To take it simple, we can conclude the Virtual DOM algorithm in three following steps:

  1. Create a structure with JavaScript objects to represent the DOM tree, when data has been changed.
  2. Make a comparison between the new structure created in step one, and the old structure before data changed.
  3. Apply the differences into the render DOM tree by only accessing nodes in need.

2. Learning about implementation

Recently I have met a project, named Picodom. It has implemented the Virtual DOM algorithm within only around two hundred lines of code. Under the src folder, you can find that there are total three JavaScript files, among them two are significant.

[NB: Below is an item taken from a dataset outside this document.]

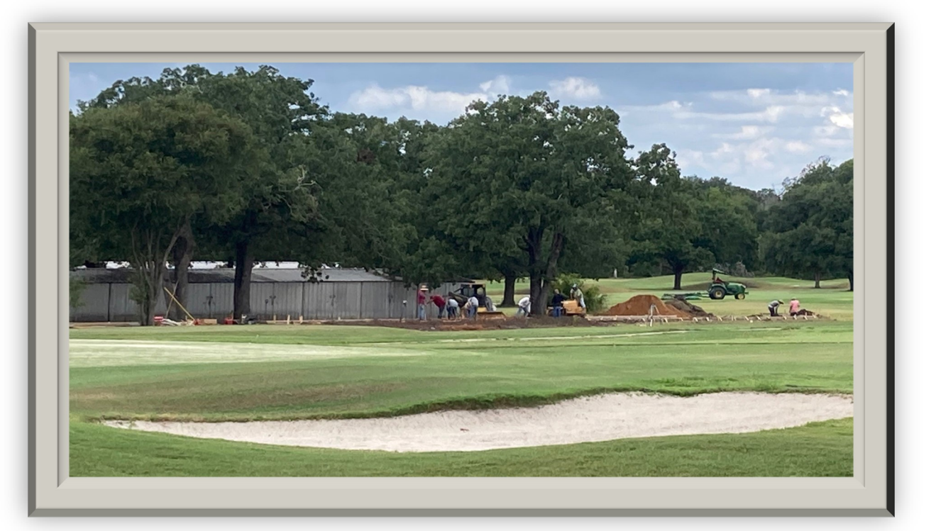
Starting Construction of 16 New Cart Barns

  • h.js: Used for implementing the creating process of the structure, described at step 1. (Virtual DOM Structure)
  • patch.js: Used for implementing the comparison between two different Virtual DOM structures, described at step 2.

2.1 Virtual DOM Structures

In Picodom, nodes of the Virtual DOM structure is described as an object with two main attributes:

  • tag: the name of the tag
  • data: the data within the node

With knowing that, we can easily grasped that why Picodom implemented such an object with the following function:

/**
 * the constructor of nodes
 * @param tag the name of the tag
 * @param data the data within the node
 * @return constructed nodes
 */
export function h(tag, data) {
    var node
    var stack = []
    var children = []
    for (var i = arguments.length; i-- > 2;) {
        /** 
         * push all arguments into a stack array for later using,
         * except for first two arguments
         */
        stack[stack.length] = arguments[i]
    }
    /** loop all arguments in the stack */ 
    while (stack.length) {
        node = stack.pop()

        if (Array.isArray(node)) {
            /** flatten the argument when it is an array */
            for (var i = node.length; i--;) {
                stack[stack.length] = node[i]
            }
        } else if (node != null && node !== true && node !== false) {
            /** do not handle null, true, or false */
            if (typeof node === "number") {
                /** convert the argument into a string, when it is a number */
                node = node + ""
            }

            /** push the argument into the children array of current node */
            children[children.length] = node
        }
    }

    /** if tag name belongs to a string type, then return an object */
    return typeof tag === "string" ?
        {
            tag: tag,
            data: data || {},
            children: children
        } :
        /** else then, assume that the tag parameter is a custom construct function for creating different kinds of objects */
        tag(data, children)
}

2.2 Comparison of data changes and applying patches

The most core thing of a Virtual DOM algorithm is its implementation of step 2 and step 3. In Picodom, we can learn how to implement such a process by checking the method, patch().

/**
 * createElementFrom: create a DOM element with the virtual dom node object
 * updateElementData: update DOM with data of current virtual dom node
 */

/**
* getKeyFrom: get the key of a virtual dom node object
* @param node
* @returns String
*/
function getKeyFrom(node) {
    if (node & (node = node.data)) {
        return node.key;
    }
}


/**
 * Implementation of comparison
 * @param parent    parent node
 * @param element   current node
 * @param oldNode   the virtual dom node with old data
 * @param node      the virtual dom node with new data
 * @return the node which has been updated
 */
export function patch(parent, element, oldNode, node) {
    if (oldNode == null) {
        /** if there are no stored nodes with old data, then create one */
        element = parent.insertBefore(createElementFrom(node), element)
    } else if (node.tag && node.tag === oldNode.tag) {
        /** if tag name has not changed */
        /** update current node with new data */
        updateElementData(element, oldNode.data, node.data)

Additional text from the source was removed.